*** Opening of Task input ***
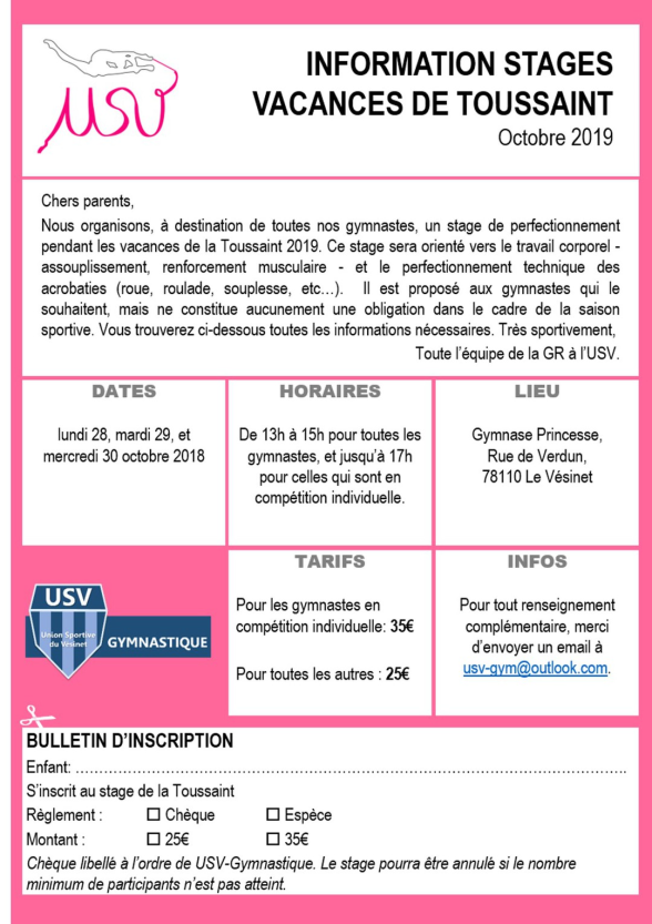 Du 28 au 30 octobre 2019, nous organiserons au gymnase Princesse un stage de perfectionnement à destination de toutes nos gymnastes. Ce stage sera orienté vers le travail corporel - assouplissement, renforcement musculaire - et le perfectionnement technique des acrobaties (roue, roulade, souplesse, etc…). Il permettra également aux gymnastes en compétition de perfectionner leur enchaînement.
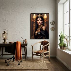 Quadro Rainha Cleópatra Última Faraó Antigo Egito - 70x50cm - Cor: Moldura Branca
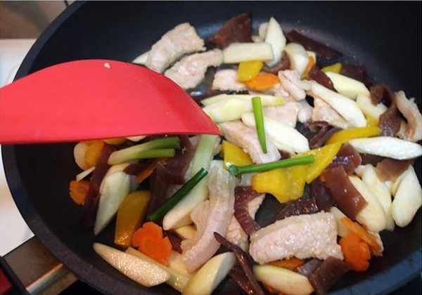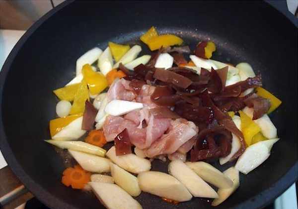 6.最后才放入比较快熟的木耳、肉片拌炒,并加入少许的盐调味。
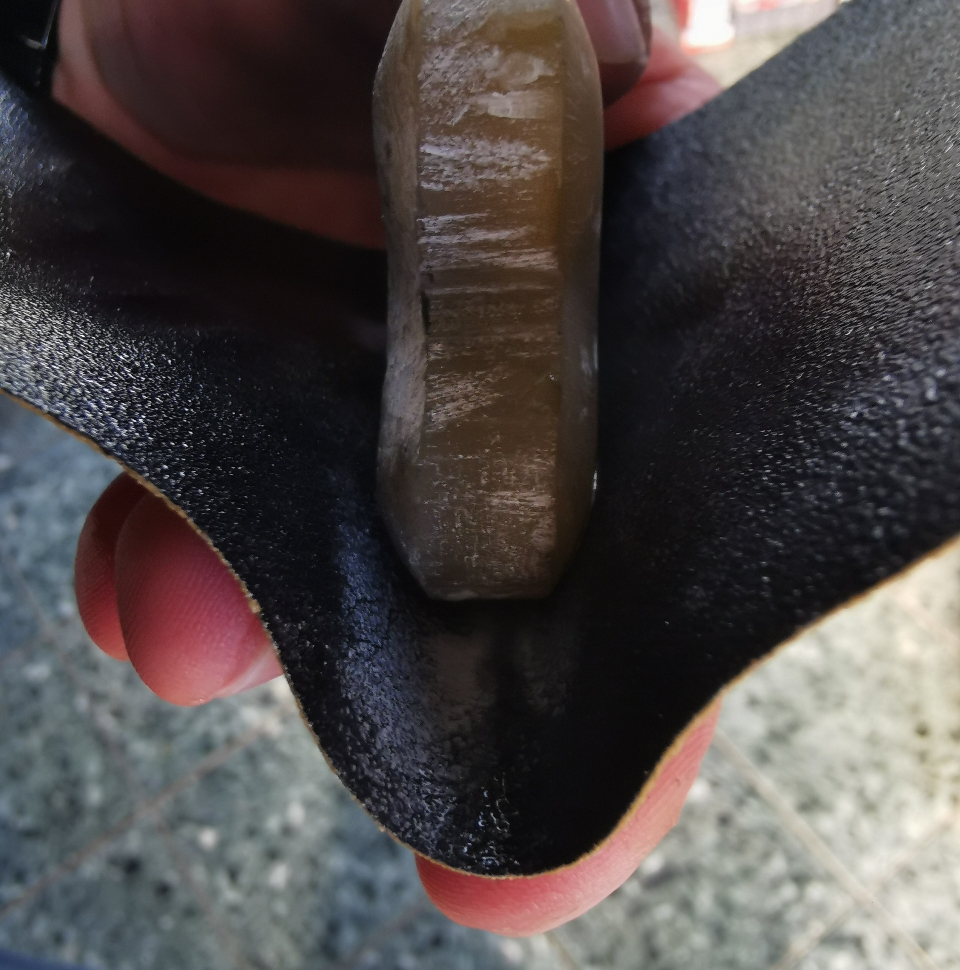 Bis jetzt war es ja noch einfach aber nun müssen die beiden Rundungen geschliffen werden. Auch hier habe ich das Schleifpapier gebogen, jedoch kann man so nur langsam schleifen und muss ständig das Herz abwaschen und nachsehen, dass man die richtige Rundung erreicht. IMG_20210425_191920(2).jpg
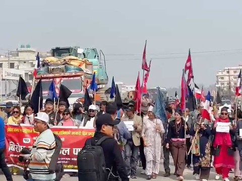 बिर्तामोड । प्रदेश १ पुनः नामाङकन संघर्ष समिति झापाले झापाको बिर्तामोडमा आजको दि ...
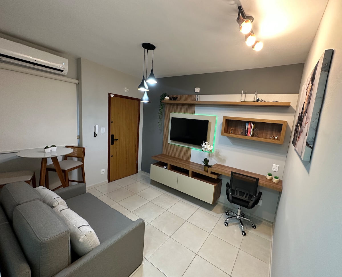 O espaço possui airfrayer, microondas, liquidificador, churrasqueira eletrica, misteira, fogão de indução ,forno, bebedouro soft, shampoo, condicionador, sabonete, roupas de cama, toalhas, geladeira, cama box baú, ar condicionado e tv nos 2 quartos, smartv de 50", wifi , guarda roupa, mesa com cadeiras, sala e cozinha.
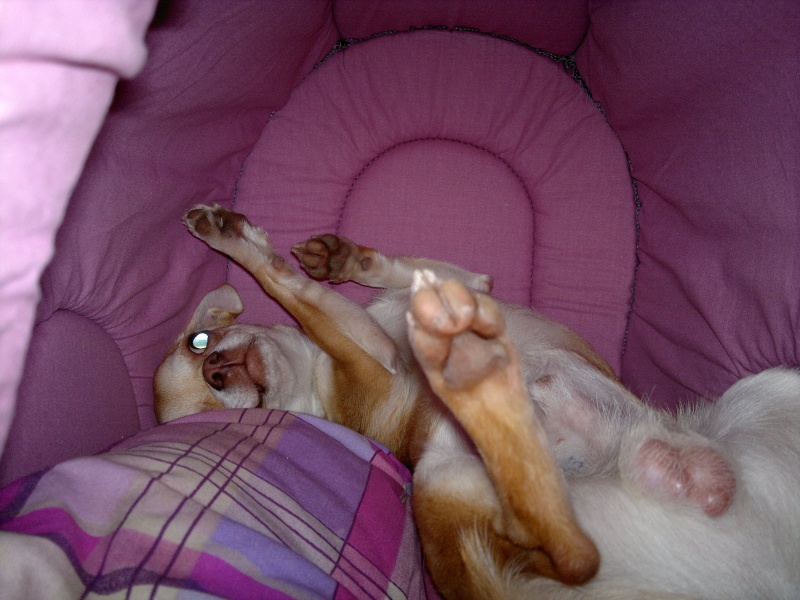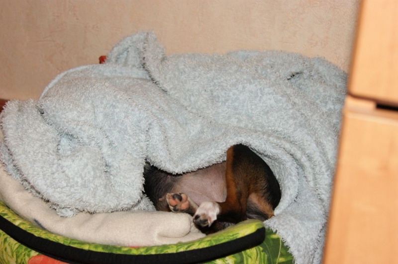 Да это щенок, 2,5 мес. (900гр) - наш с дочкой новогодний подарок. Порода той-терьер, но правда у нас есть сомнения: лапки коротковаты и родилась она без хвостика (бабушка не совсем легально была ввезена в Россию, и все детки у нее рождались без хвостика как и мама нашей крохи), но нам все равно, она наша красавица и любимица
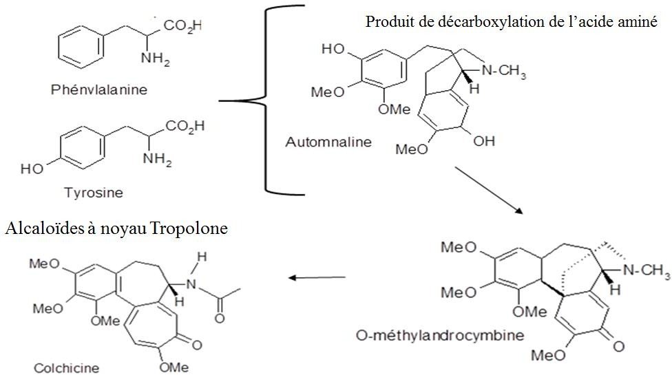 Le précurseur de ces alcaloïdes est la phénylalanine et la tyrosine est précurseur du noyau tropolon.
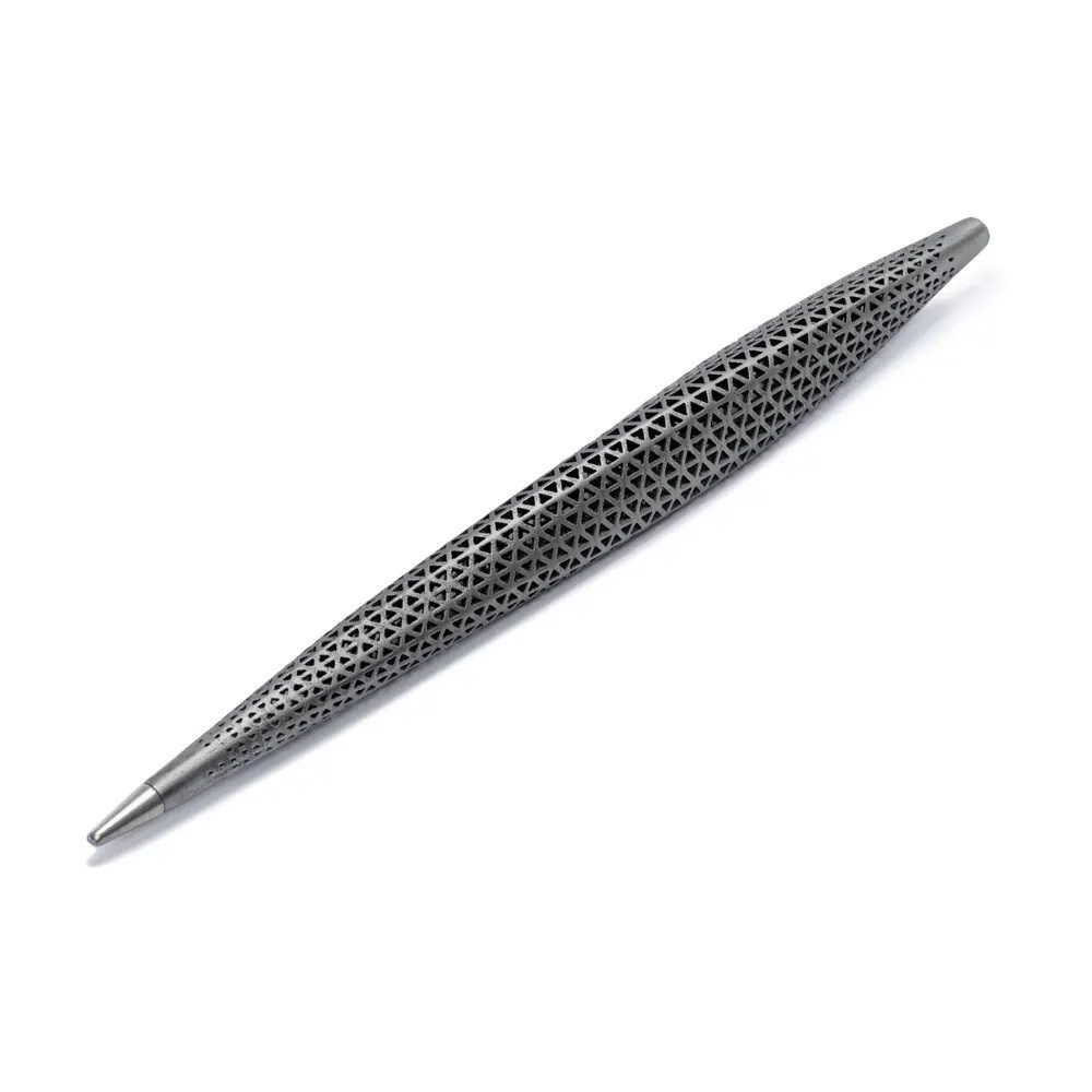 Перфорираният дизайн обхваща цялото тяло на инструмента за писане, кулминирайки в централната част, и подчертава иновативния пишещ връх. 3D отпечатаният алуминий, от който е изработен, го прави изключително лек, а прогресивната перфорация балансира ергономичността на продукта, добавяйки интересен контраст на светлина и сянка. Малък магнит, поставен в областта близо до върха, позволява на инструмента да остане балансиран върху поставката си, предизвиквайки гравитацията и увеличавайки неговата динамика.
*** Close of Task input ***
**What to produce**. Print the material above word for word, first line through the line with "बिर्तामोड । प्रदेश", and leave every picture out.

**Answer to the problem**.
 Du 28 au 30 octobre 2019, nous organiserons au gymnase Princesse un stage de perfectionnement à destination de toutes nos gymnastes. Ce stage sera orienté vers le travail corporel - assouplissement, renforcement musculaire - et le perfectionnement technique des acrobaties (roue, roulade, souplesse, etc…). Il permettra également aux gymnastes en compétition de perfectionner leur enchaînement.
 Quadro Rainha Cleópatra Última Faraó Antigo Egito - 70x50cm - Cor: Moldura Branca
 6.最后才放入比较快熟的木耳、肉片拌炒,并加入少许的盐调味。
 Bis jetzt war es ja noch einfach aber nun müssen die beiden Rundungen geschliffen werden. Auch hier habe ich das Schleifpapier gebogen, jedoch kann man so nur langsam schleifen und muss ständig das Herz abwaschen und nachsehen, dass man die richtige Rundung erreicht. IMG_20210425_191920(2).jpg
 बिर्तामोड । प्रदेश १ पुनः नामाङकन संघर्ष समिति झापाले झापाको बिर्तामोडमा आजको दि ...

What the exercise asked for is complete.